> How to complete this task
Would you repeat word for word the lines of the listing that follows, from the one with "Jedes Pendel hängt" up to and including the one with "Silver price continued", and leave out the images?

> Working data

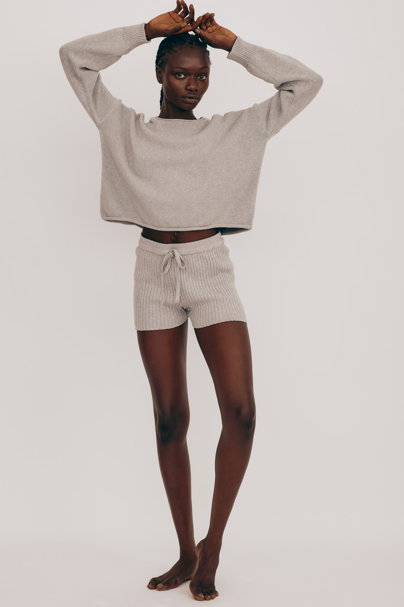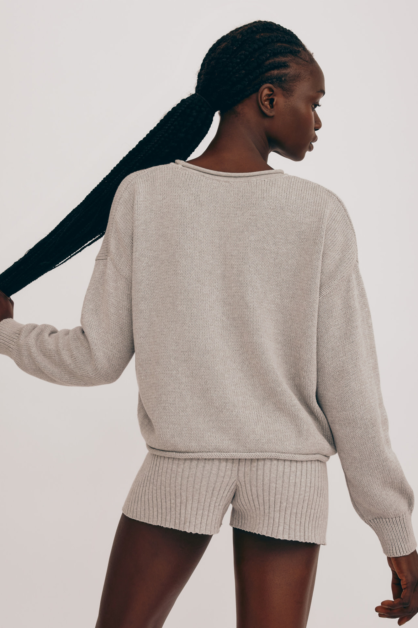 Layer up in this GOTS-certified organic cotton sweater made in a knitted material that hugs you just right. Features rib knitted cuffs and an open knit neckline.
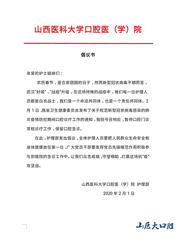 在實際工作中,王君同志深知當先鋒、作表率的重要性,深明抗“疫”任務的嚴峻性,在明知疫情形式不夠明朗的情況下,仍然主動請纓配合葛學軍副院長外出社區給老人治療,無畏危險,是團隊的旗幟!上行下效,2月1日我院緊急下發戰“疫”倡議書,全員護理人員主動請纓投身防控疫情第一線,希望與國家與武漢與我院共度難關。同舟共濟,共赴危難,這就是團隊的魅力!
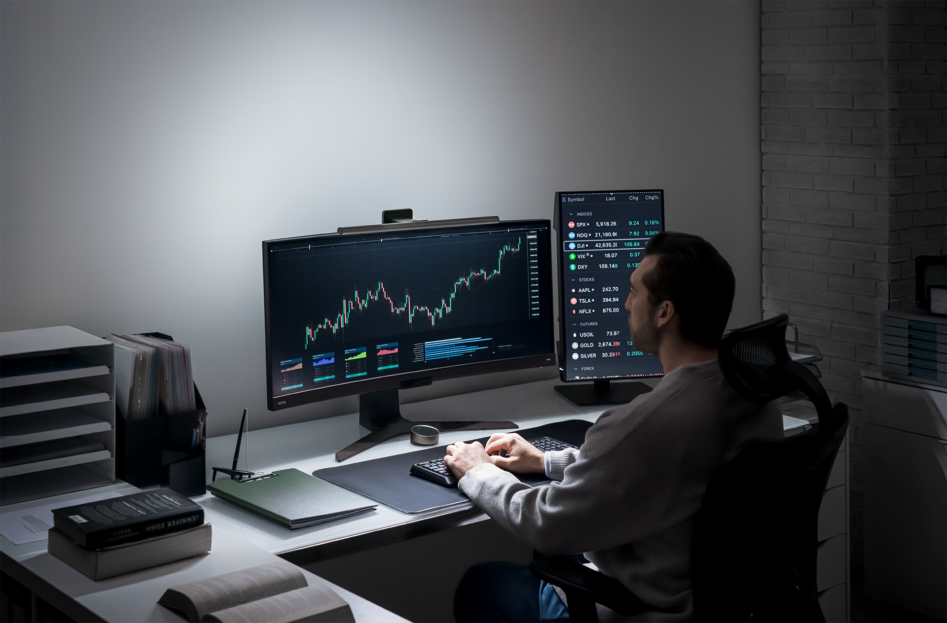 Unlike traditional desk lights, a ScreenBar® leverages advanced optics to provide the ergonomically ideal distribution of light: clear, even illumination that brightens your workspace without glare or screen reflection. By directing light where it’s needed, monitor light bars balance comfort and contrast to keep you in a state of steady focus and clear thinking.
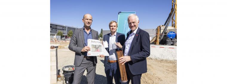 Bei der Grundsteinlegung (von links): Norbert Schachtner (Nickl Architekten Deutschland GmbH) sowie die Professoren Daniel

* * *

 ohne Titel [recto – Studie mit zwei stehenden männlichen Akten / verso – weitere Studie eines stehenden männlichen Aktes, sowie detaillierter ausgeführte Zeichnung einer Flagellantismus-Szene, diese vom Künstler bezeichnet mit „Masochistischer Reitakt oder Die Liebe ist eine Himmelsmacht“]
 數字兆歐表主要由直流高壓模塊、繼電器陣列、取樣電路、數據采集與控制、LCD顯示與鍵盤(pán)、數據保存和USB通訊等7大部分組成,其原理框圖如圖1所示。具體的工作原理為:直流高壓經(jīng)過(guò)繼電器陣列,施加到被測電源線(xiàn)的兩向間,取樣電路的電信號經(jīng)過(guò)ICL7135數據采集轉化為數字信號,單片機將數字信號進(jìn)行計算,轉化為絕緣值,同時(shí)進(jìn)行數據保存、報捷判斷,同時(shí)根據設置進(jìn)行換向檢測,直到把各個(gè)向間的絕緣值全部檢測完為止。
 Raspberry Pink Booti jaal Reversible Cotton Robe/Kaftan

* * *

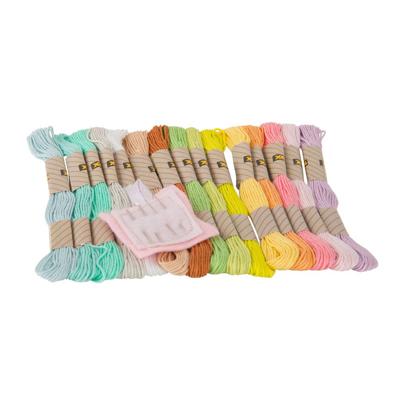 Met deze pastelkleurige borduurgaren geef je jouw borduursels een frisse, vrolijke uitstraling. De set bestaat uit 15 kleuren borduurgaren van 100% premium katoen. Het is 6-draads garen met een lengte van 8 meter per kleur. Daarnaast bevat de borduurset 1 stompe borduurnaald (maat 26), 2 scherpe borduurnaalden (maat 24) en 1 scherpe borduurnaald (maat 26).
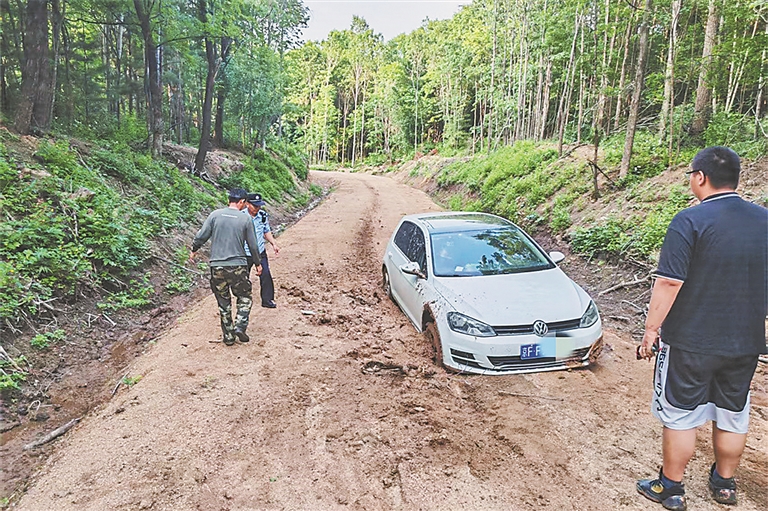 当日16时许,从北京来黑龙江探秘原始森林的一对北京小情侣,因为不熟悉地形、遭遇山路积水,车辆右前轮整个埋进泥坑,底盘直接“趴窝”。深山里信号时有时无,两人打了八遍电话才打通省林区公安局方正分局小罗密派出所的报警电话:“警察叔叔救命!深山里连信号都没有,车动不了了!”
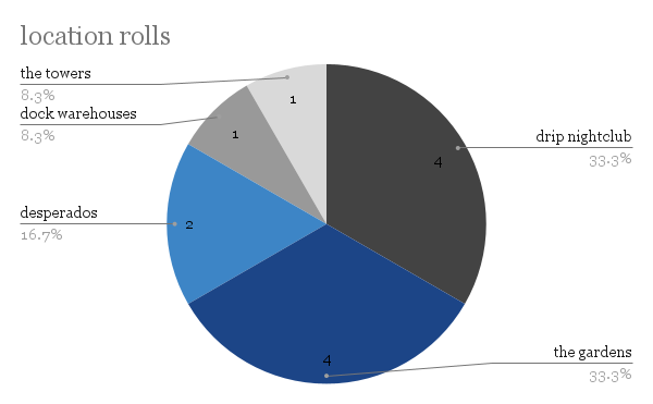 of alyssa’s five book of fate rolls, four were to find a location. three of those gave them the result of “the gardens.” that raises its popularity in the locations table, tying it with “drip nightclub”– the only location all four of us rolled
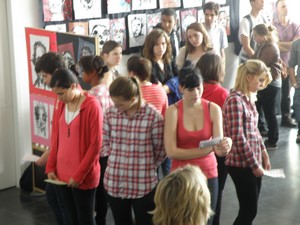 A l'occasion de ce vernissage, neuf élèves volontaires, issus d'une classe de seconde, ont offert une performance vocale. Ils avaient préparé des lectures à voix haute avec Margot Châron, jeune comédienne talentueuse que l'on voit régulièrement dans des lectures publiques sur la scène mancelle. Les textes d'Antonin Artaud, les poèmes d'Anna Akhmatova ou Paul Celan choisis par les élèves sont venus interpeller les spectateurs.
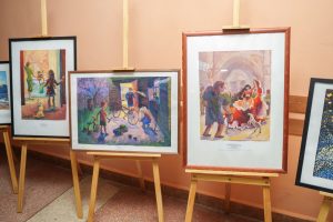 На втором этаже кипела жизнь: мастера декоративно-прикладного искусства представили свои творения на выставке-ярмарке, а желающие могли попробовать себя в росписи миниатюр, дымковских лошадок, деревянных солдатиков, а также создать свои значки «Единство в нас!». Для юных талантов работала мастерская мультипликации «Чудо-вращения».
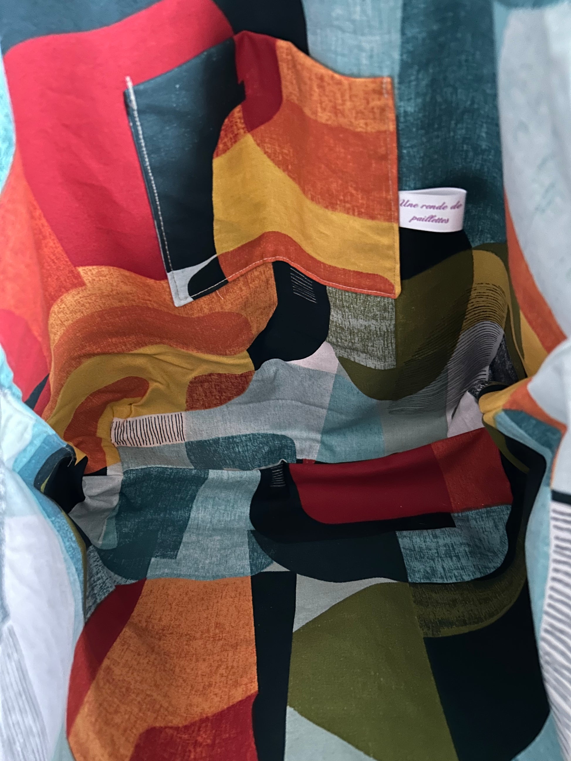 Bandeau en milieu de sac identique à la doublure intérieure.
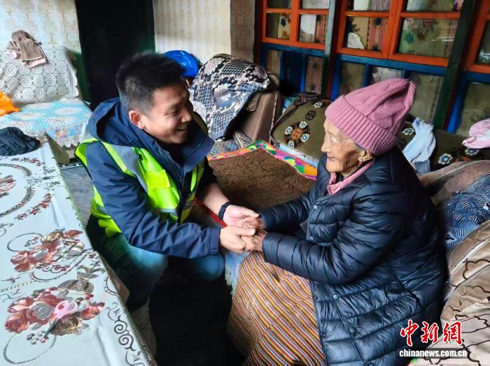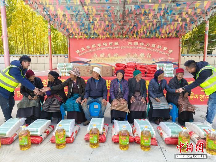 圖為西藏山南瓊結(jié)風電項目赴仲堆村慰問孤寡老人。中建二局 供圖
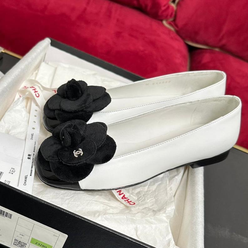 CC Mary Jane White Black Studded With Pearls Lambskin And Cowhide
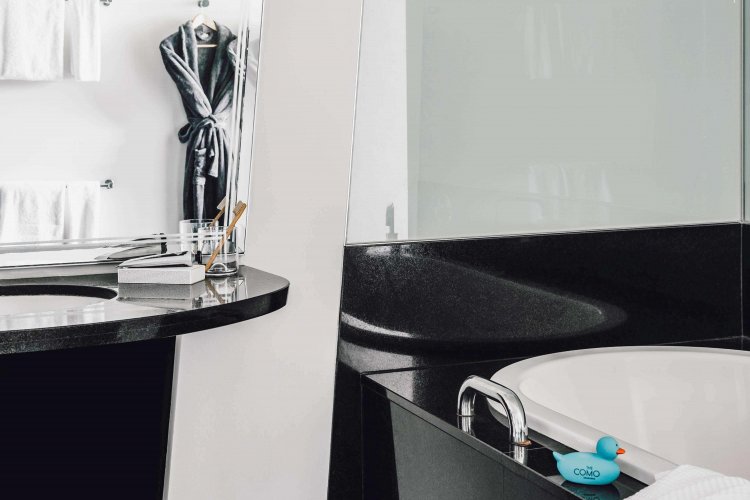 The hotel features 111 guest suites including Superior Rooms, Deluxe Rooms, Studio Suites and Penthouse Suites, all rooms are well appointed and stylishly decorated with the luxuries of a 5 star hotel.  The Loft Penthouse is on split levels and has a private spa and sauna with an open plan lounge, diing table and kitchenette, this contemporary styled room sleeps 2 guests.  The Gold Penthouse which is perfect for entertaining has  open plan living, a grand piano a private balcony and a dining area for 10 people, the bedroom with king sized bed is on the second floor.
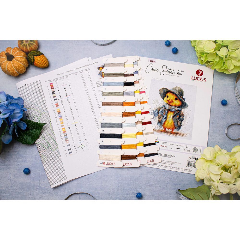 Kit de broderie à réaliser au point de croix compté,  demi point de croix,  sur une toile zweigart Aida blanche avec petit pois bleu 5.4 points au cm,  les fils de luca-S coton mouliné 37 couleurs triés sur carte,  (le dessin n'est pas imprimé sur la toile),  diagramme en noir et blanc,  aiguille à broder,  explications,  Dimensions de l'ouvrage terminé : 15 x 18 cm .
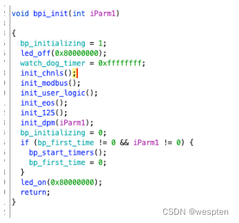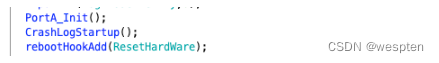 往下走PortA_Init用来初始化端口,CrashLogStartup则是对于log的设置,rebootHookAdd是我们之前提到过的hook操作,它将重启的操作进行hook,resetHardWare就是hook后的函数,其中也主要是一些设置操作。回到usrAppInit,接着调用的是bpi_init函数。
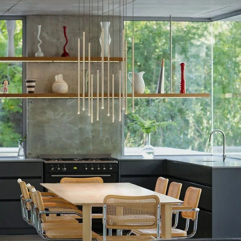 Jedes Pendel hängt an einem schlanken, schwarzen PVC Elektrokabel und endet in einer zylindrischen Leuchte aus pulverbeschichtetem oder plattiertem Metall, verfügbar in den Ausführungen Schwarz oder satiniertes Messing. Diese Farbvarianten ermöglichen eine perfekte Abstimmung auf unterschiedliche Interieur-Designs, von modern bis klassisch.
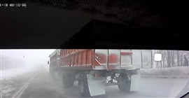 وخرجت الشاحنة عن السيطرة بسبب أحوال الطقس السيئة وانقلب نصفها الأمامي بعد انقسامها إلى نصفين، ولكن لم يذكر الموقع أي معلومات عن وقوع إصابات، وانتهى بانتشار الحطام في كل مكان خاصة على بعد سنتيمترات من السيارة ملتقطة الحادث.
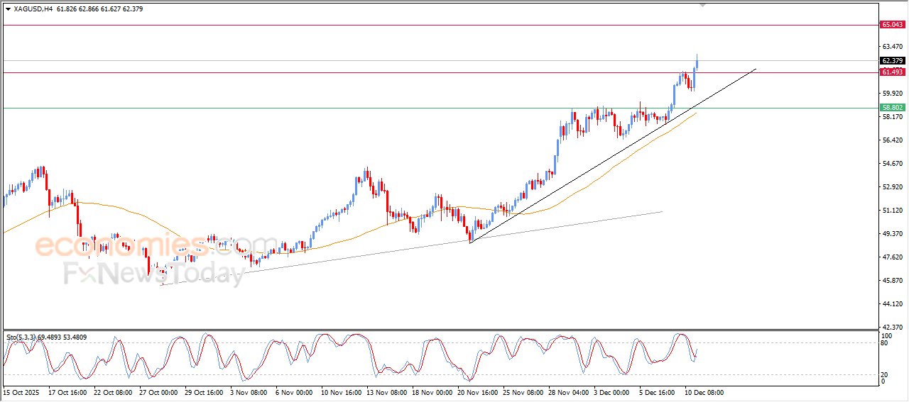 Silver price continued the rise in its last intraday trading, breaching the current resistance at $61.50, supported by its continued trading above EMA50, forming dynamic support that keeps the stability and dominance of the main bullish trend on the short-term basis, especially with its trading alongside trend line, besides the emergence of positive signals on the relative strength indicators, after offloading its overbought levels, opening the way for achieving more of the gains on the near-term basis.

> Result of the task
 Jedes Pendel hängt an einem schlanken, schwarzen PVC Elektrokabel und endet in einer zylindrischen Leuchte aus pulverbeschichtetem oder plattiertem Metall, verfügbar in den Ausführungen Schwarz oder satiniertes Messing. Diese Farbvarianten ermöglichen eine perfekte Abstimmung auf unterschiedliche Interieur-Designs, von modern bis klassisch.
 وخرجت الشاحنة عن السيطرة بسبب أحوال الطقس السيئة وانقلب نصفها الأمامي بعد انقسامها إلى نصفين، ولكن لم يذكر الموقع أي معلومات عن وقوع إصابات، وانتهى بانتشار الحطام في كل مكان خاصة على بعد سنتيمترات من السيارة ملتقطة الحادث.
 Silver price continued the rise in its last intraday trading, breaching the current resistance at $61.50, supported by its continued trading above EMA50, forming dynamic support that keeps the stability and dominance of the main bullish trend on the short-term basis, especially with its trading alongside trend line, besides the emergence of positive signals on the relative strength indicators, after offloading its overbought levels, opening the way for achieving more of the gains on the near-term basis.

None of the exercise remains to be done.